This installment of Alt+SHIFT will differ from our normal fare, which will mostly summarize interesting Hebrew material from a neutral standpoint while, this week’s post is decidedly partisan. The Hardal world (profiled last week) stands very much at the center of current Israeli discourse. Newly installed Cabinet Ministers Avi Maoz and Betzalel Smotrich identify as members of that segment of the Religious Zionist community. Two alleged victims publically accused R. Tzvi Tau, perhaps the Hardal world’s leading rabbinic figure, of sexual abuse. (It is not yet clar what action, if any, the police will take.) What follows was formulated before those accusations were made public. I do not summarize the works in question but rather select certain common themes running through this literature. For those seeking a more in-depth perspective on R. Tau’s ideological writings, we provide online links when available.

R. Tau and the Culture Wars

R. Tzvi Tau

R. Tzvi Tau expressed a strong stance in the Chaim Walder episode. In his opinion, “It is all a falsehood….R. Shmuel Eliyahu [who found Walder guilty] suffers from McCarthyism.”Despite numerous witnesses against Walder, R. Tau said that we are dealing with a plot to dirty the author’s name due to the criticism Walder levied against the Israeli Supreme Court. R. Tau claims that the same was done to former president Moshe Katzav. He brings no arguments or evidence establishing that Walder and Katzav were innocent.

R. Shmuel Eliyahu met with R. Tau to explain the case but R. Tau did not retract. If twenty women and girls testified before respectable judges, I assume that Walder was guilty (for the purposes of forming an opinion about him, albeit a court of law weighs other considerations). Even someone less convinced than I needs to explain how R. Tau could say with certainty that the allegations were false. Did he listen to the victims? Here, R. Tau said something horrendous. Victims suffering greatly from assault hear from a well-known Rabbi that they are lying to support the Supreme Court. Moreover, his words could dissuade the next group of victims from coming forward. How did we arrive at a place where a significant Rav could say things so incorrect and damaging?

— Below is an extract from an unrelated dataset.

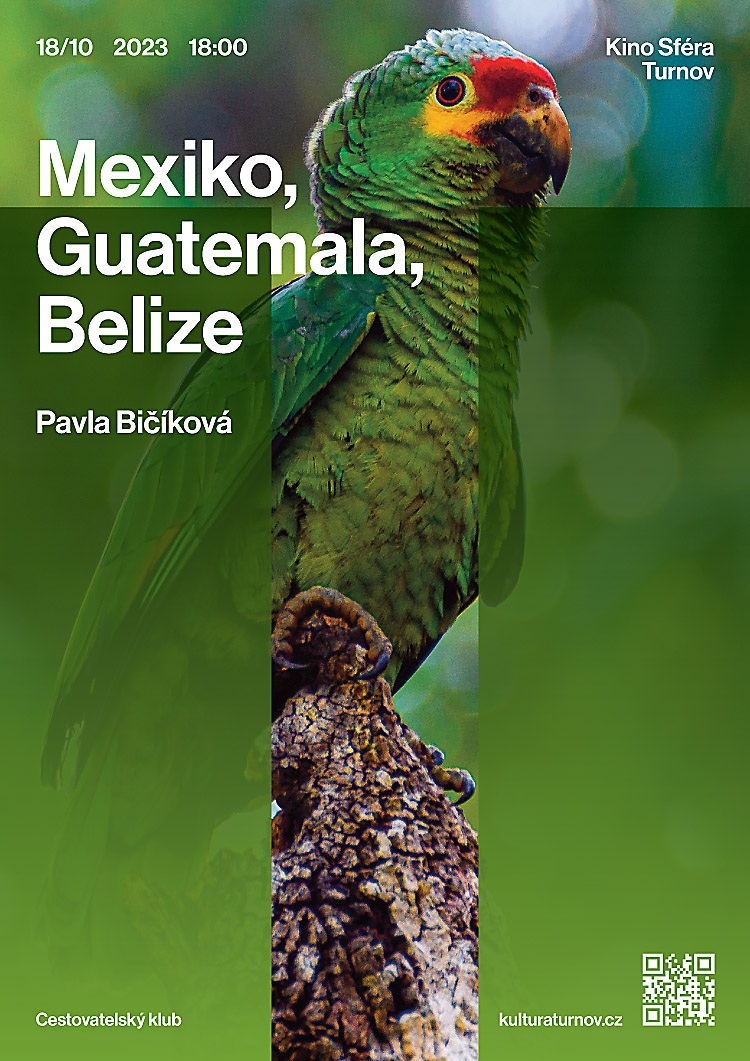 * PAVLA BIČÍKOVÁ: MEXIKO, GUATEMALA, BELIZE. Uprostřed džungle plné řvoucích opic a pestrobarevných ptáků objevíme mayské chrámy a pyramidy. Projdeme mlžnými pralesy, vystoupáme na sopky a budeme pozorovat lávu chrlící vulkán Fuego. Cestovatelský klub, Kino Sféra na Střelnici od 18.00 hodin.

In 1997, R. Tau and other rabbis left Yeshivat Merkaz HaRav in protest of the introduction of a teacher’s institute into the yeshiva. R. Tau and his colleagues published a booklet titled LeDerekh HaKodesh to explain their position. The booklet lacks all proportion. Bringing the teacher’s institute to a yeshiva is “like idolatry” (66). It also includes conspiracy theories. “The pushing for a more academic approach exhibited by educational and cultural administrators in Israel involves giving in to leftists who destroy all the holy foundations of our country” (84). Lack of proportion and presentation of the opposition as inherently wicked continued throughout the years.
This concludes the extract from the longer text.